◆ **DATA BELOW**:
*** Begin section ***

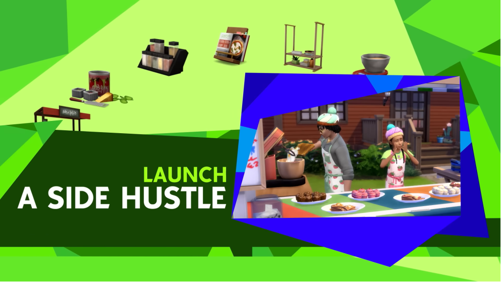Kunne du tænke dig en iværksætter? Simmere kan blive madstandsejere og etablere butik i forskellige partier, knytte bånd til deres kunder og være vidne til resultaterne af at sælge deres kulinariske kreationer. Spillere kan endda tilpasse navnet på The Anywhere Any Fare Food Stand og vælge de typer mad, de vil servere. Tip, tip: Vaffelmaskinen og bordpladepizzaovnens street food-stil opskrifter og bærbare funktioner gør dem til de perfekte ledsagere til madstanden.
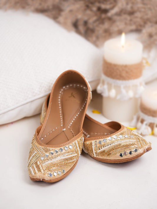 Adorned with dazzling mirror work, glimmering gold cut dana and delicate pearls, these juttis offer a radiant touch to any ensemble. A perfect harmony of intricate design and supreme comfort, these juttis are the epitome of timeless beauty and sophistication.
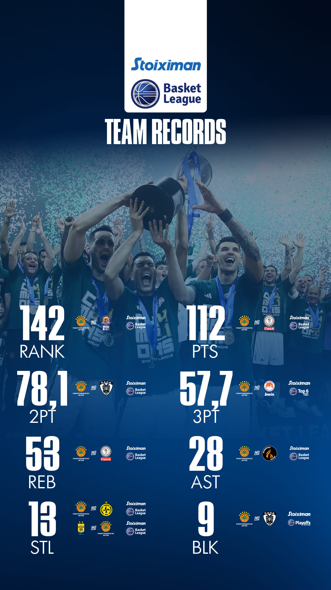 ΤΑ ΡΕΚΟΡ: Στη διαδρομή του προς την κατάκτηση του Πρωταθλήματος, οι επιδόσεις που ξεχώρισαν για τον Παναθηναϊκό AKTOR, σε ατομικό και ομαδικό επίπεδο ήταν…
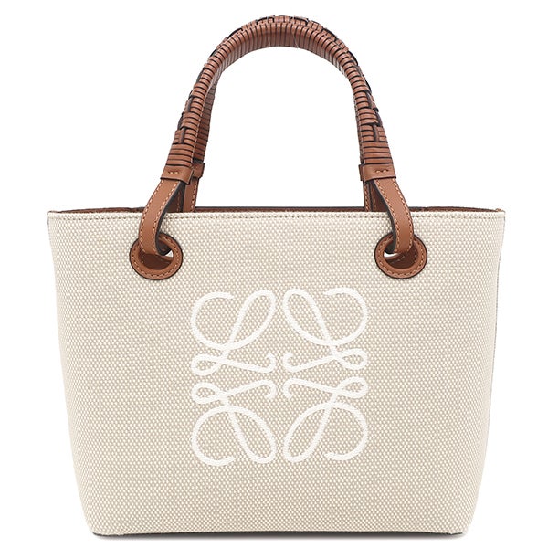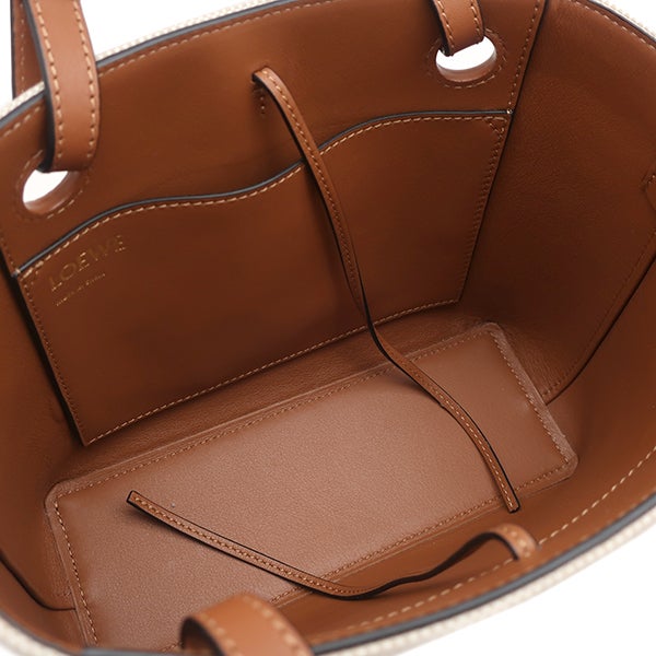 ロエベ LOEWE 2WAYバッグ アナグラム トート ミニ キャンバス レザー エクリュ×タン ゴールド金具 茶 ハンドバッグ ショルダー A717S74X01 【保存袋】 【中古】

*** End section ***

Write the lines out word for word, starting at the one with "ΤΑ ΡΕΚΟΡ: Στη" and stopping after the last line of the material above, with pictures excluded.

 ΤΑ ΡΕΚΟΡ: Στη διαδρομή του προς την κατάκτηση του Πρωταθλήματος, οι επιδόσεις που ξεχώρισαν για τον Παναθηναϊκό AKTOR, σε ατομικό και ομαδικό επίπεδο ήταν…
 ロエベ LOEWE 2WAYバッグ アナグラム トート ミニ キャンバス レザー エクリュ×タン ゴールド金具 茶 ハンドバッグ ショルダー A717S74X01 【保存袋】 【中古】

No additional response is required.